会社で聞く「これからこのビジネスでマネタイズしてゆきたい」っていう言葉は、本当にお金を稼いだことがない人が容易に使うべき言葉ではないのでは、と思う。これは私の実感ですが、定期的にお金が振り込まれるサラリーマンである自分は、1円の価値の重要性を心から理解できていなかったからこそ、お金に対する理解、認識をきちんと持たなければいけないと痛く感じるようになりました。(と言っても、なかなか自分で稼ぐことを経験していないサラリーマンは、会社のブランドを利用してお金を回してゆくビジネスを経験できるチャンスがある点では恵まれており、損益は仮に赤字としても、収入を得る、という意味では実のところマネタイズは容易なのかもしれません)

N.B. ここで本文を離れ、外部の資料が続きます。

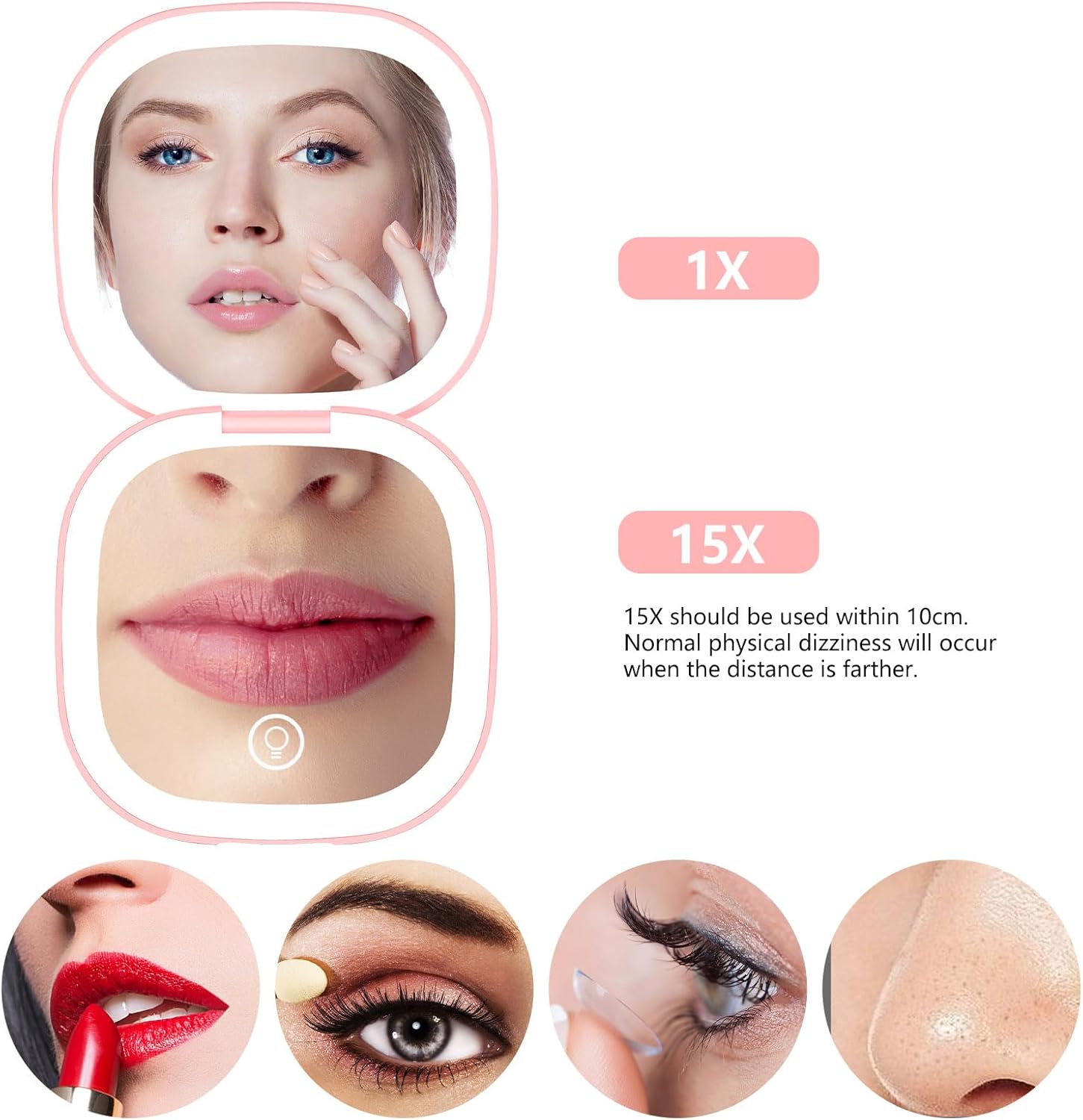 Travel Magnifying Mirror with Light,Dual-Sided Compact Mirror for Purse with 15X Magnification, 3 Lighting Modes, Auto Shut-Off, Portable Pocket Makeup Mirror, Essential Travel Mirror

先日、初めて約200円の収入を受領しました。このブログを購読してくださった方が、このブログ内で私が紹介した商品をリンク経由で購入してくださったからです。本当にありがたく、感謝の気持ちです。このお金は — 自分のビジネスとは言えるものではありませんが — 少なくとも自分で何かをして、それによってお金の動きが生まれて収入が発生した、というプロセスを通して得た初めての収入でした。サラリーマンである自分自身にはこれまで一度も経験のないことでした。今、お金を得るために路上でパフォーマンスを始める勇気がありませんが、今の自分にできることに挑戦してゆくことから得られる何かがあるのだろうなと思います。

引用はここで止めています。